Local inference can be slow — a 3-turn run against a large local model may take 15–20 minutes. This is normal and not a timeout; set LLM_TIMEOUT_SECONDS appropriately.
| Port | Service | Exposed |
|---|---|---|
| 3000 | UI + API (configurable via UI_PORT) |
Yes |
| 8000 | Substrate API | Internal only |
| 8080 | MCP Server | Internal only |
| 7474 | Neo4j Browser | Not exposed by default |
| 7687 | Neo4j Bolt | Internal only |
The results/ directory is safe to publish — no API keys, no credentials. To keep your model configurations and keys private while sharing results:
# Add to .gitignore
data/setup/Or to share configurations but not keys:
data/setup/keys.jsonResults from this platform are welcome in this repository. If you run the experiment — or any variant of it — and want to share your findings, open a pull request adding your results to the results/ directory under a clearly named subdirectory:
results/{your-experiment-name}/
There is no formal review process. The goal is to accumulate a public record of how different models and configurations perform under this kind of extended, structured conversation. Positive results, negative results, and inconclusive results are all equally useful.

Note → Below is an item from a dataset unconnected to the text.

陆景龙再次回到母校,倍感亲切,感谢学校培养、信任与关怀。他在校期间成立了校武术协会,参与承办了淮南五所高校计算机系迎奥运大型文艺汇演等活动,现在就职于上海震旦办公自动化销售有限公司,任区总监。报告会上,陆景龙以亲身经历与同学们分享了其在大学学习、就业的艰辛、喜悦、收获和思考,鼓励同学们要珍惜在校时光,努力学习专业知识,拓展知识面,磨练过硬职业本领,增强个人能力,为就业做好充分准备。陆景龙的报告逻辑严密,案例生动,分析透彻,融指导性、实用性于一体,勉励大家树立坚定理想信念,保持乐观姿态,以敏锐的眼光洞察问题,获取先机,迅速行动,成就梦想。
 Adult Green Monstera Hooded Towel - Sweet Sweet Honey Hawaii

A few lightweight conventions make the data useful rather than just numerous:
Required:
summary.json— generated automatically by every run; do not edit it. This is the primary record of what was actually run.- At least one transcript file (
transcript_*.md) for each condition you are submitting.

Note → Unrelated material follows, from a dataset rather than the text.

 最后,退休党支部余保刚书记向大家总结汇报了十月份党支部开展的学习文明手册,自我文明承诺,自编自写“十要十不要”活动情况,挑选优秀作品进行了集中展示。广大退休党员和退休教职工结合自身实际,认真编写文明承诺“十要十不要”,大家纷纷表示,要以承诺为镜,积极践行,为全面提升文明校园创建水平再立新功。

In your PR description, include:
- Model name and parameter count (e.g.
Qwen3 32B) - Quantization if applicable (e.g.
Q4_K_M,fp16,bf16) - Hardware (e.g.
RTX 4090 24GB,M3 Max 96GB,cloud API) - Any parameters you changed from the defaults, and why
- A brief qualitative note on what you observed — even one sentence is enough
Please don't:
- Edit transcript files after generation — unmodified transcripts are the point
- Submit partial runs (both conditions must be complete for the comparison to be valid)
- Change the directory structure inside your result folder
Raw JSONL logs and checkpoint artifacts are optional but appreciated for reproducibility. If you ran a variant — different prompts, different turn limit, different interviewer — note that clearly so it can be interpreted in context rather than treated as a straight replication.